I had no intention of giving up my hobby, so the only other option was to try to correct the problem. With a bit of advice from a physiotherapist, here’s what I’m doing to help with my situation. First, I began taking an over-the-counter supplement called glucosamine and chondroitin sulfate. Essentially this provides joint pain relief associated with osteoarthritis. Does it cure it? No. It merely allows me to function normally and with minimal to no pain, but the condition still exists. This is step one of my two-step solution. The second is to exercise my knees and legs in order to strengthen the muscles to help take pressure and wear off my knee joints. These exercises can stave off the progression of deterioration of the cartilage in the knee joint and can be performed either at the gym or in the privacy of your own home. The better muscle tone you have in your legs and around your knees, the less stress you’re placing on your knee joints, and that’s a good thing. I’ve supplied a quick exercise routine in the accompanying sidebar for reference (previous page). This exercise routine works for me, but may not be right for you. Before attempting this routine or taking any supplements suggested please check with your physician and/or physiotherapist.
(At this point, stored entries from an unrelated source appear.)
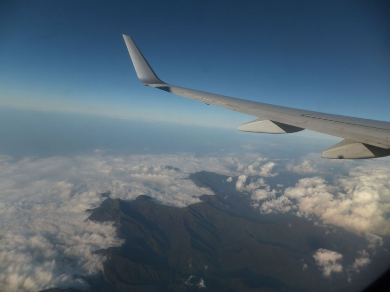 飛行ルート。空港周辺のルートは電子機器使用禁止のためレーダー等からの推測。
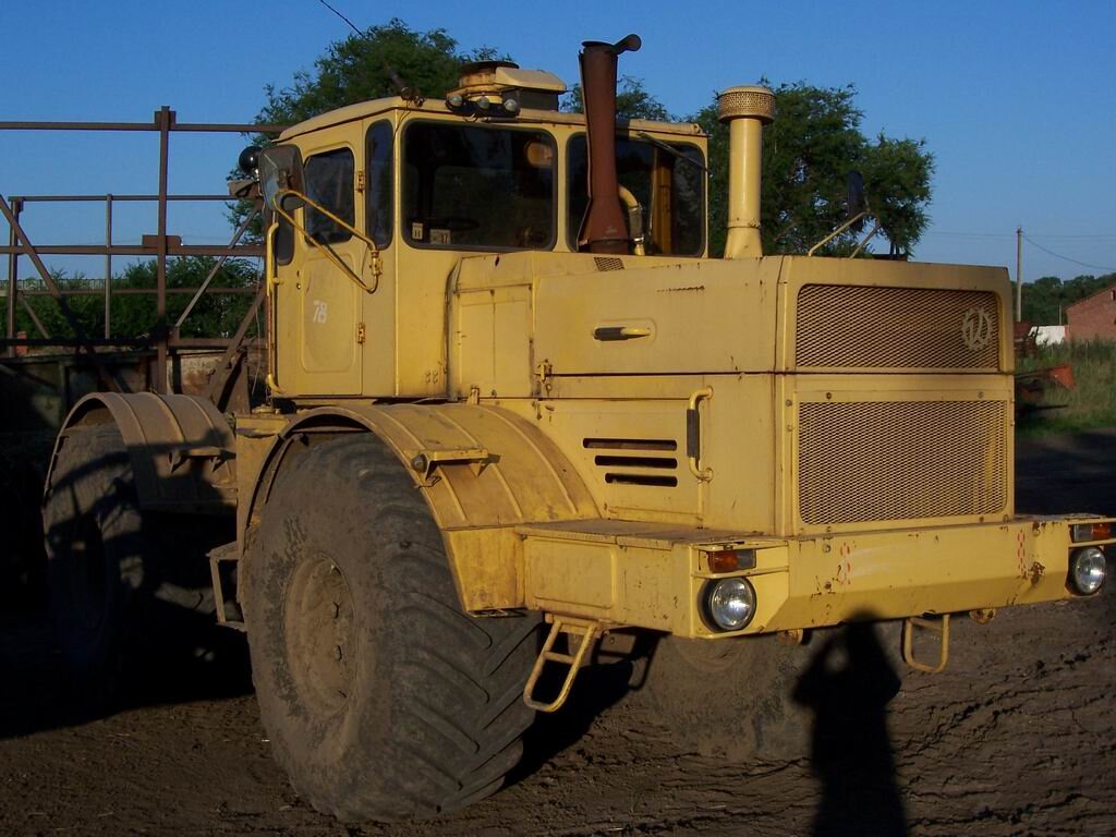 Рожденный в 1975 году, един в двух лицах. Вот таким Кировец был в 1975 году. Двигатель V12 ЯМЗ-240Б, маленькое окно в правой части кабины, два гидробака за кабиной. Вид сзади. Двигатель ЯМЗ-240. Впоследствии, на трактор К-701 устанавливали старый проверенный ЯМЗ-238 и он назвался К-700А. Отличить один от другого при заглушенном двигателе и закрытых щитках двигателя задача весьма нетривиальная. Рентген-схема трактора К-700А. Ранний вариант трактора, встреченный на дорогах Ростовской области, но уже с высокой трубой воздухоприемника. В 1978 году от двух раздельных гидробаков отказались и за кабиной устанавливался единый бак. В начале 80-х отказались и от маленького окошка и до 2002 года Кировец выпускался в неизменном виде. С установкой двигателя ЯМЗ-240 с раздельными головками блока цилиндров Кировец получил индекс К-701Р. На экспорт поставлялись Кировцы с защитной кабины при опрокидывании. Кировец К-701 на широкопрофильной резине низкого давления. Широкое применение наш
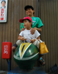 昨年訪れた八木町花火大会の感動が忘れられず今年も行っちゃいました。 今年は花火大会当日に八木町に向かう為、現場でのキャンプ設営は出来ないので 能勢からの山越えで向かった今年は約1時間半、 帝釈天隣のカブトムシドーム(昨年のリベンジ)では居るには居たのだが、相変わらずのショボさ。 去年はキンチャンズを連れて行ったが、今年はその子供達の‘スマちゃんズ’が旅のお供。 ゴールデンウィークに盗まれたテントの後継として購入したばかりのニューテント
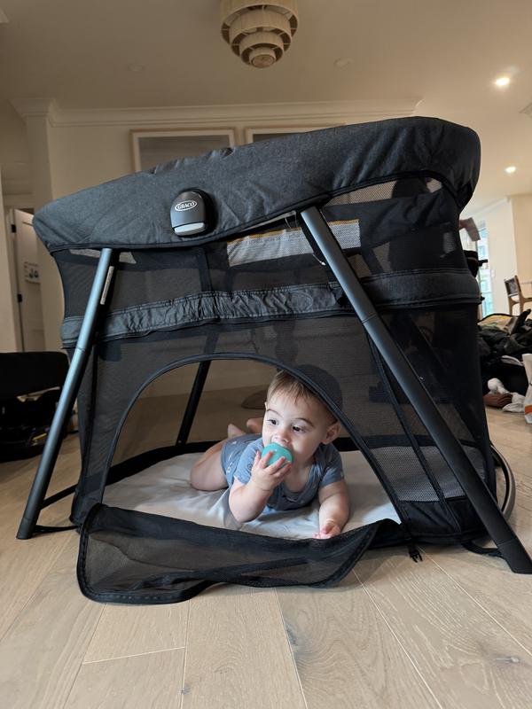 I was given this playard to try as part of the Stellar Product Testing Panel and we love it so much. This is a sleek and modern looking pack n'play that is compact enough to fit in small spaces, but still gives our baby enough room to play or sleep. We recently took it with us on a trip abroad and my 9-month-old son slept so well in it for 10 nights. My son got sick while on the trip and as a bonus we even learned how easy the mattress is to clean liquids out of. One of our flights was delayed so we even opened up the playard in the airport so my son had a safe place to play. It's super easy to open and pack away which was very convenient for airport use. We've had two other pack n'plays in the past and this is by far the easiest to set up and break down. I'm excited for this to be our new go-to pack n'play and for it to grow with our family!
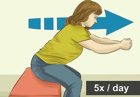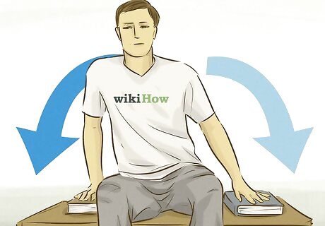 Shift your weight from side to side. Sit down on a bench with a book on either side of you. The books should be roughly the same size. Place your hands on the books. Lean to one side, shifting your weight to that side. Gently return to center before shifting your weight to the other side. Do this ten times. You can also practice shifting forward and back. With your hands on the books, gently lean forward while keeping your hips straight. Then slowly move into a small back lean.
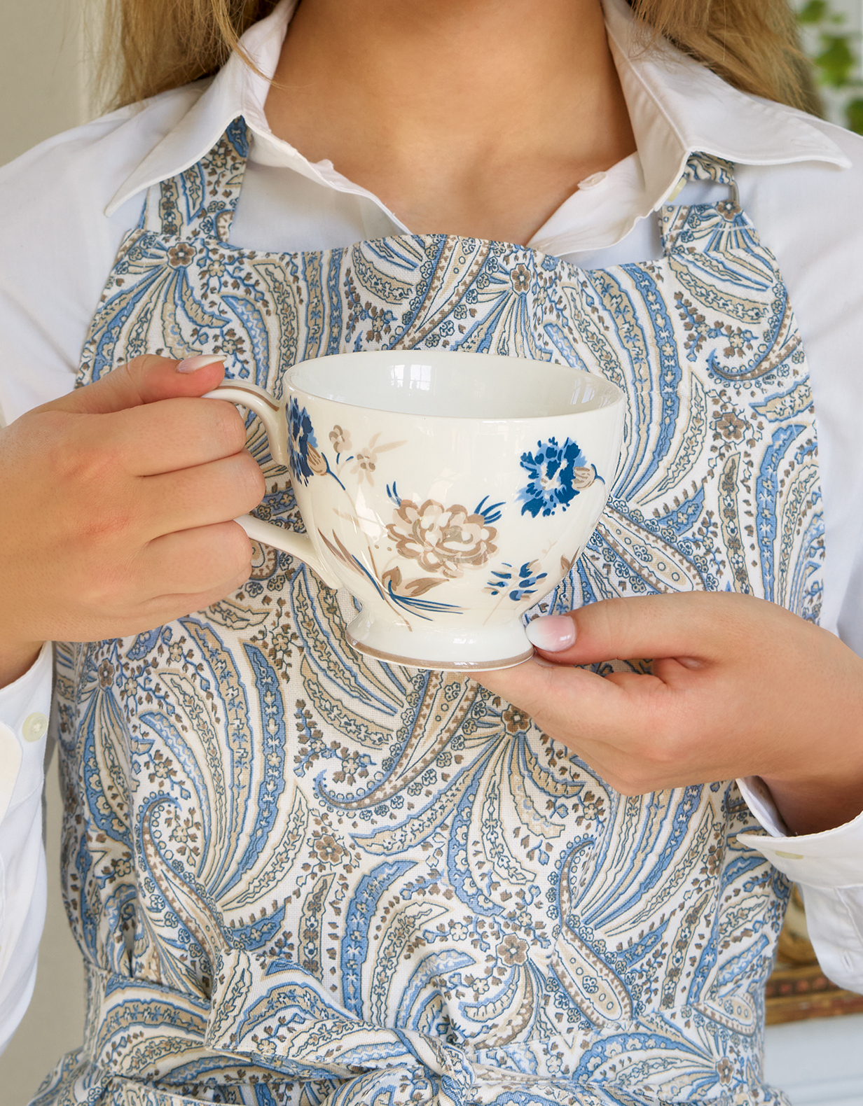 Die zauberhafte romantische Schürze Columbine white ist wirklich ein Schmuckstück von einer Küchenhilfe! Eigentlich viel zu schade, um sie "nur" beim Kochen zu tragen...mache es doch wie eine liebe Kundin von mir, die mir erzählt hatte, dass sie die Greengate Schürzen überm Tag eigentlich gar nicht mehr auszieht! Sie sehen rasend gut aus, schützen vor Verschmutzungen aller Art, helfen auch beim Gärtnern und sehen gerade dabei einfach so süss aus, beherbergen in den Taschen allerlei Utensilien und verbreiten einfach einen so charmanten Eindruck, dass du sie bestimmt‚ auch ganz schnell für absolut unentbehrlich halten wirst! Du merkst schon, hier herrscht eine grosse Greengate Schürzenliebe!!! Die Schürze gibt es in Einheitsgrösse und sie kann sowohl in der Breite als auch in der Länge stufenlos verstellt werden.‚ ‚
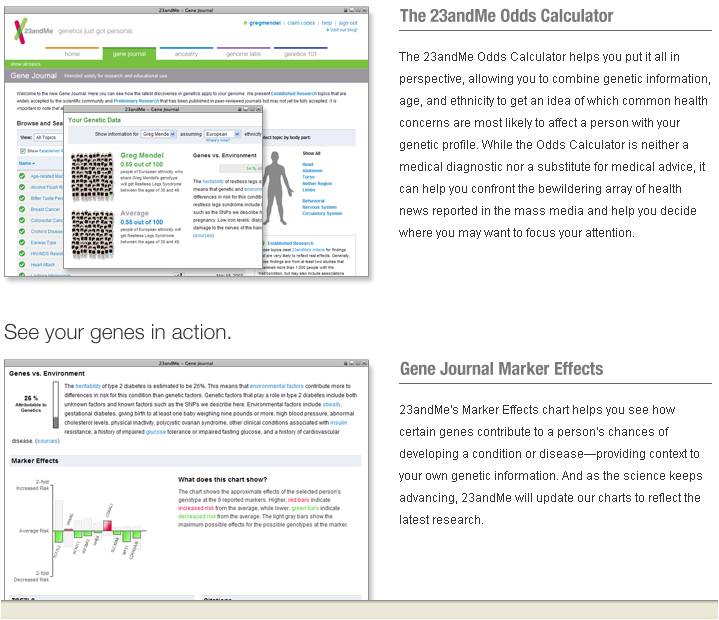 They were showing 23andMe on the Today Show a few days ago where you could pay $1,000 to get a test done that showed you your likelihood of getting certain diseases. It also showed you interesting things like where your ancestors were from and whether you tasted bitter things or sweet things. It is worth going to their site and looking at, but it brings lots of interesting questions to the table. Do you get your kids tested? Once you have the information, can you influence the future or do you take a fatalistic view of having no control?

As I write this, autumn is coming to a close and winter will soon bear down on us in a traditional Canadian manner. I plan on being able to hike in the deep snow with my snowshoes and camera gear in tow to capture some great winter shots.
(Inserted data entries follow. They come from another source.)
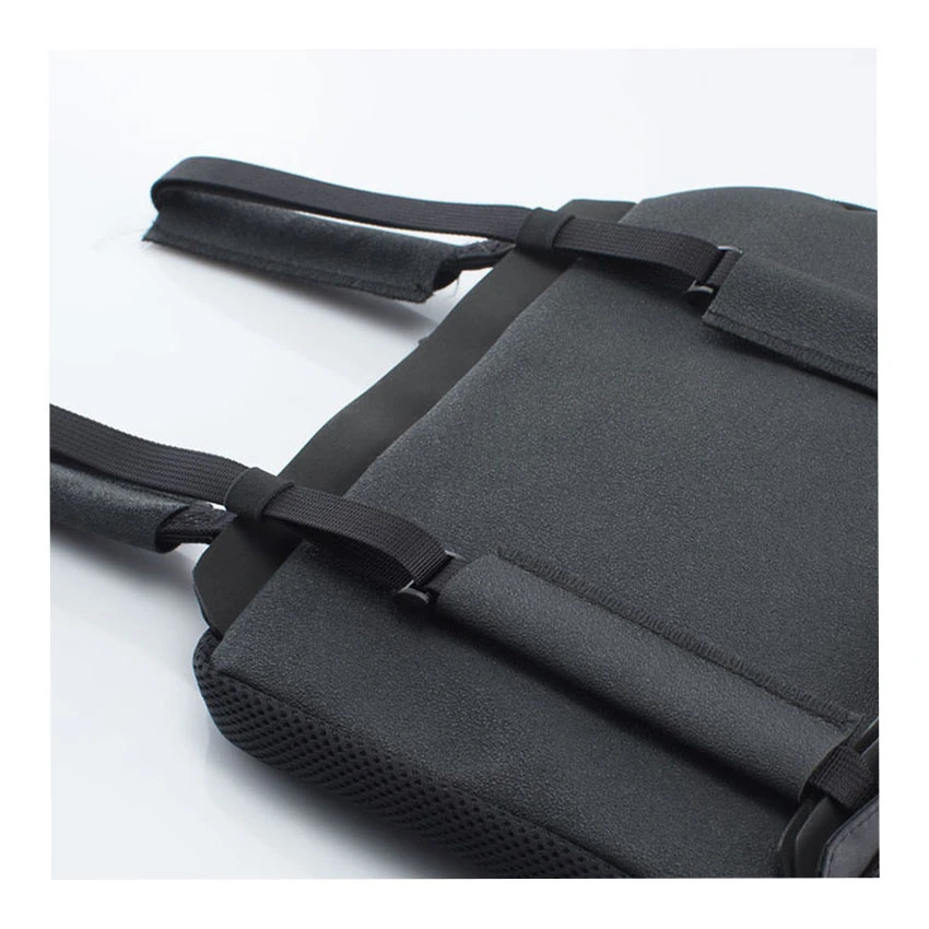 A non-slip underside and retaining straps guarantee secure positioning of the cushion. The bi-elastic, rugged artificial leather surface provides extra sitting comfort. The air volume can be adjusted via an integrated vent for more comfort or a more responsive feel on curvy roads.
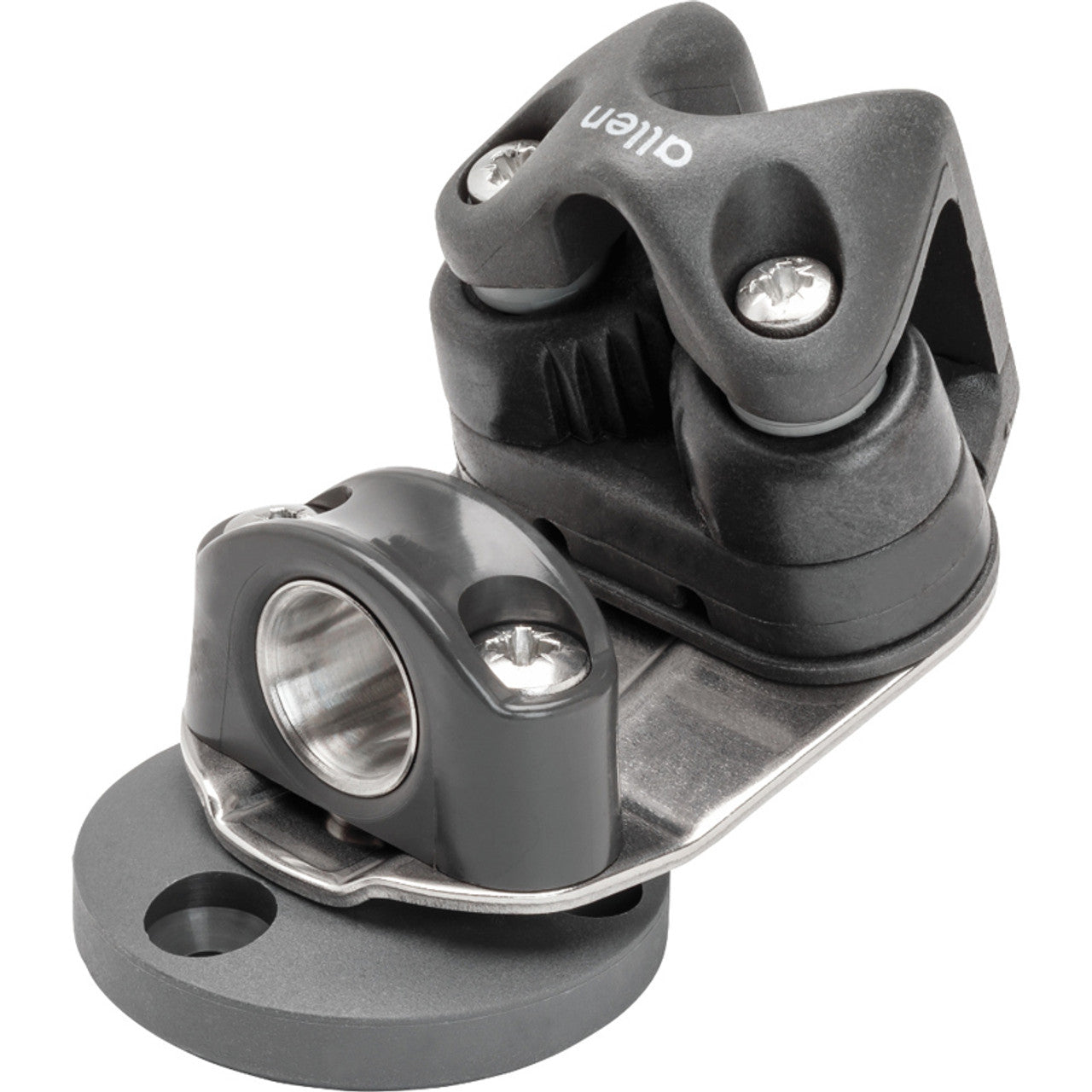 Swivel Cleats have been designed to give smooth sheeting articulation for a variety of applications from jib sheeting to vang systems. The cam cleats are mounted on a high-grade stainless steel platform and
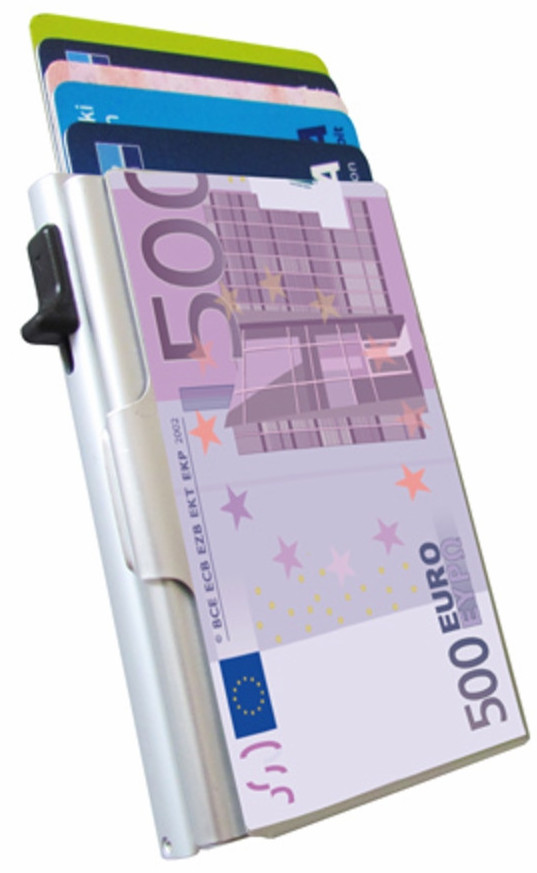 Bright Time POP 500 korttilompakko korttikotelossa on kätevä mekanismi, jolla kortit saa nousemaan kotelosta porrastetusti yhdellä painalluksella. Alumiinikotelossa on tilaa kuudelle kortille. Alumiini kotelon kyljessä on etulokero, johon saat lisäksi lisäkortteja, käyntikortit ja kuitit. Kotelo on myös RFID suojattu, joten kortteja ei voi etälukea, kun ne ovat kotelon sisällä. Kotelon leveys on 63mm, paksuus 15mm ja korkeus 98mm. Bright Time lompakot toimitetaan kirjeitse. Lompakon mukana ei tule lahjarasiaa.

If you’re experiencing knee pain like I was, check with your health-care practitioner and try these suggestions to see if they work for you.
Glucosamine and chondroitin sulfate — for joint pain relief associated with osteoarthritis.
1 Calf and hamstring stretches
While seated stretch out one leg and bend the other so that your foot is resting toward the inside of your other thigh. Reach out in front of you as far as you can comfortably and stretch your hamstrings. If you can grab your toes, gently pull your foot back toward you, thereby stretching your calf muscles too. Switch legs and repeat. This exercise is designed to warm your legs up to avoid injury during the exercises.
2 Half squats
Begin by standing straight. Bend at the knees until you’re half way between standing and in a seated position, with your arms straight out for balance. Then return to the standing position. Try doing 2 sets of 10 repetitions. You may have to build up to this.
*Alternate exercise: Using the back of a chair with your arms stretched out, try the half squats as described above using the chair to steady yourself.
**Before attempting these exercises it’s important to consult your physician.